Mafia e appalti nel ’92, l’ex procuratore Pignatone indagato a Caltanissetta
Giuseppe Pignatone, uno degli ex magistrati più autorevoli e prestigiosi d’Italia, è stato iscritto nel registro degli indagati dalla Procura della Repubblica di Caltanissetta con l’accusa di avere insabbiato le indagini su mafia e appalti (sulle quali si erano concentrate le attenzioni di Paolo Borsellino) e di avere favorito le cosche. Insieme a Pignatone, risultano indagati l’ex magistrato antimafia Gioacchino Natoli e il generale della Guardia di Finanza Stefano Screpanti. L’ex capo della procura romana è già stato ascoltato dai giudici nisseni.

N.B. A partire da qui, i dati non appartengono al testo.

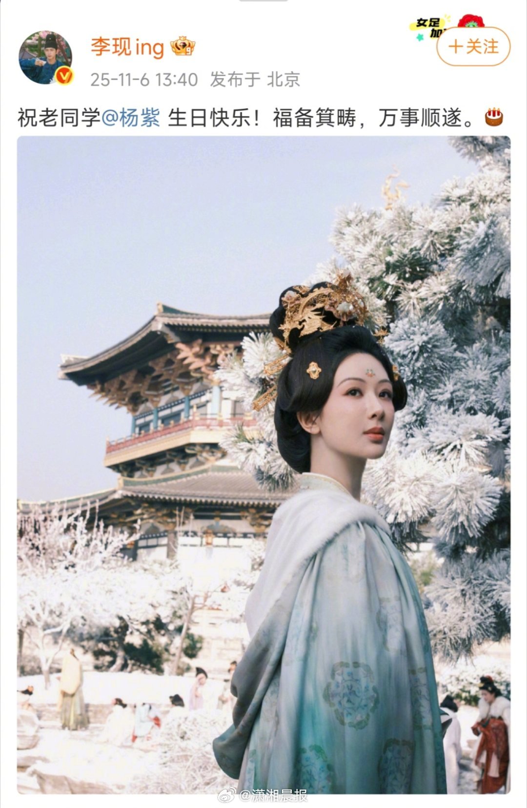 【#李现已连续八年为杨紫庆生#】11月6日,第八年为庆生,晒杨紫何惟芳海报庆生“祝 生日快乐!福备箕畴,万事顺遂。[蛋糕] ”

Le accuse a Pignatone e il concorso con Gianmanco
Secondo la procura di Caltanissetta, Pignatone, Natoli, Screpanti e Pietro Gianmanco (deceduto sei anni fa) avrebbero insabbiato le indagini sui rapporti tra mafia e imprenditoria e precisamente sui rapporti tra gli imprenditori mafiosi Nino e Salvatore Buscemi e il gruppo Ferruzzi guidato da Raul Gardini. Secondo i magistrati quella inchiesta fu determinante per la strage di via D’Amelio. Gianmanco fu al centro di polemiche allorquando, nel 1990, il Csm lo preferì a Falcone alla guida della procura di Palermo. Caponnetto lo accusò di avere sostanzialmente affossato il pool antimafia. La vicenda che vede indagato Pignatone, attualmente giudice in Vaticano, fu ricostruita davanti la Commissione nazionale Antimafia, nel settembre 2023, dall’avvocato Fabio Trizzino, marito di Lucia Borsellino.
Da Reggio Calabria al “mondo di mezzo” sino alla Santa Sede
Giuseppe Pignatone è stato procuratore distrettuale di Reggio Calabria, sede nella quale portò avanti inchieste contro la ‘ndrangheta facendosi apprezzare per equilibrio e garantismo. Di lì il grande balzo verso la nomina a procuratore di Rona, città nella quale si contraddistinse per l’inchiesta sul “mondo di mezzo” che vide coinvolti Buzzi e Carminati. Un’inchiesta che proponeva l’esistenza del 416 bis (associazione mafiosa) anche per Roma, elemento che poi la Cassazione smentì, annullando le condanne relative all’aggravante e stabilendo che nella capitale le associazioni a delinquere non avessero la connotazione mafiosa. Subito dopo essere andato in quiescenza, Pignatone è diventato Presidente del Tribunale di prima istanza della Santa Sede e ha seguito il processo che ha portato alla condanna dell’ex cardinale Becciu.